Spicy Coconut Chicken, Lentil and Vegetable Traybake
Equipment
- 1 ovenproof dish – ideally oven to table
Ingredients
- 8 chicken thighs bone-in and skin-on
- 2 tsp ground cumin
- 2 tsp ground coriander
- 1 tsp ground turmeric
- 1/4 tsp chilli powder
- 1 red chilli deseeded and finely chopped
- 12 cardamon pods crushed
- 1 tbsp fresh ginger finely grated
- 2-3 garlic cloves finely grated
- 1 lemon
- 1 tsp sea salt
- 1 large onion
- 1 tbsp oil
- 1 red/orange/yellow pepper
- 1 aubergine
- 1 can of light/reduced fat coconut milk
- 1 tin green lentils
- 100 g baby spinach leaves/spinach roughly chopped
- 1 tbsp finely chopped fresh coriander to serve
Instructions
- In a suitable sealable container, place the chicken thighs together with the cumin, coriander, turmeric, chilli powder, chopped chilli, crushed cardamon pods (in a pestle and mortar is easiest to bruise them and release the seeds from the pods), grated ginger, crushed garlic, juice of 1 lemon, and the salt. Toss the chicken thighs in the spicy mix to coat them thoroughly. Leave in the fridge to marinate for at least 2 hours, or preferably overnight.
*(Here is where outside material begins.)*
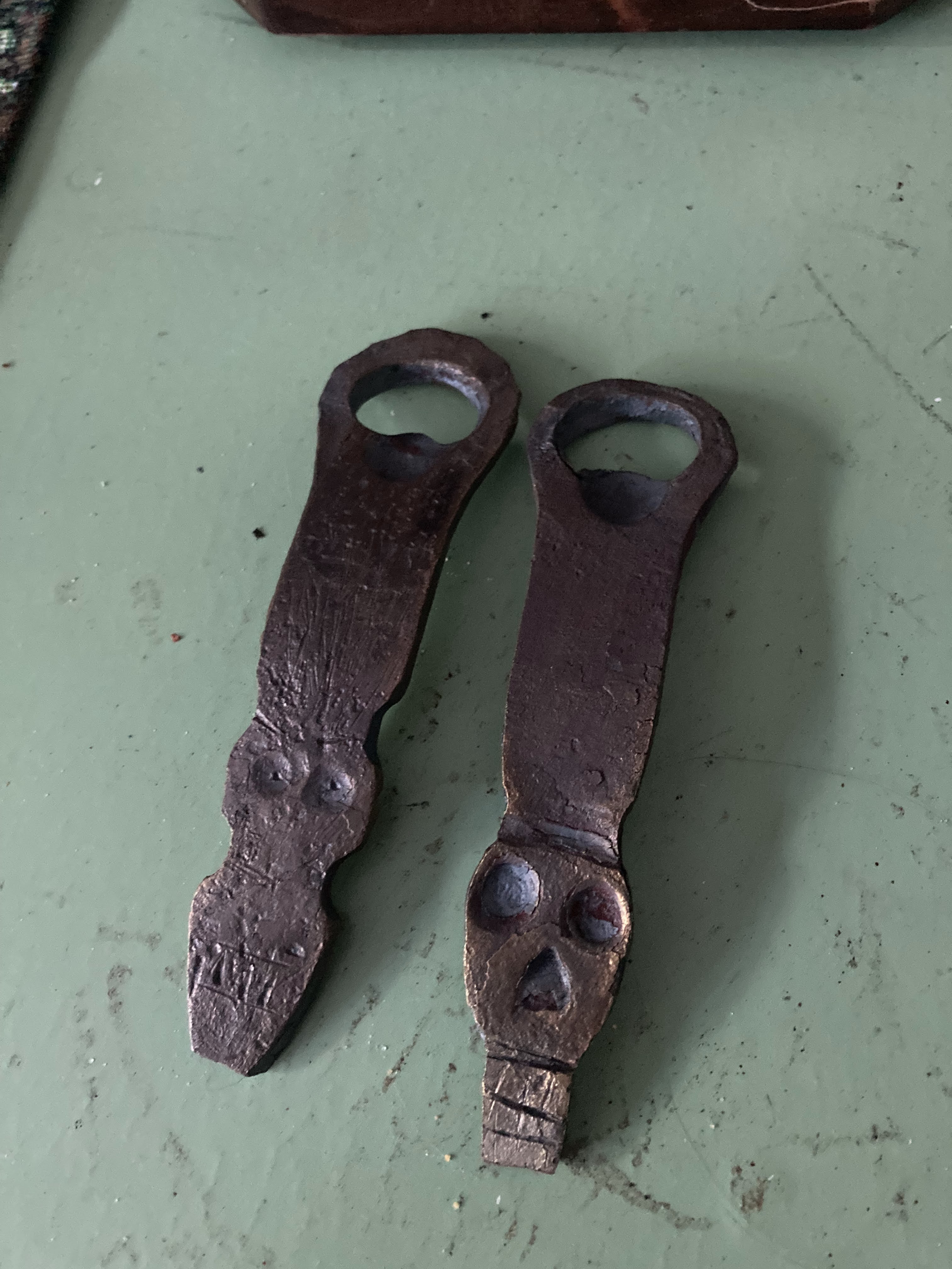 Skull bottle openers made at a blacksmithing couples date night that Vera and I went to. Left was made by me, right was made by Vera.

- Preheat the oven to 180 °C.
- Slice the onion finely and place in the bottom of an ovenproof dish (ideally one you can take to the table) and toss in the oil. Remove the chicken pieces from the container and places them on top of the onion, skin side up, and pour over any remaining marinade.
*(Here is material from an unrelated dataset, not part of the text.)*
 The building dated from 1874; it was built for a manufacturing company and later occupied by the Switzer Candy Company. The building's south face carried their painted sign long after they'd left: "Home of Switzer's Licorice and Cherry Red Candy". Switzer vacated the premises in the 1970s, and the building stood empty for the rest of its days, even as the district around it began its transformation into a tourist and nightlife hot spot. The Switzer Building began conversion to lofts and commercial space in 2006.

- Roast in the oven for 25 minutes.
- Whilst the chicken is roasting, halve and slice the pepper and cut the aubergine into 1 cm cubes. When the chicken has had 25 minutes, remove the dish from the oven, set aside the chicken thighs briefly. Add to the dish the sliced pepper and diced aubergine, pour the can of coconut milk on top of the vegetables and sit the chicken back on top, nestling them into the sauce. Return the oven for another 25 minutes.
- Remove the dish and sprinkle in the drained can of lentils and add the spinach, pushing them down into the sauce around the chicken, and place the dish back in the oven for a final 5 minutes until the spinach is wilted.
- Finally, sprinkle over the chopped coriander and serve with your sides of choice. Either some freshly steam brown basmati rice and or some poppadoms, with chutney as options.
Notes
- Feel free to spice things up further by adding freshly chopped chillis and/or more chilli powder
- Other green vegetables that would work well instead of spinach would be tenderstem broccoli or green beans.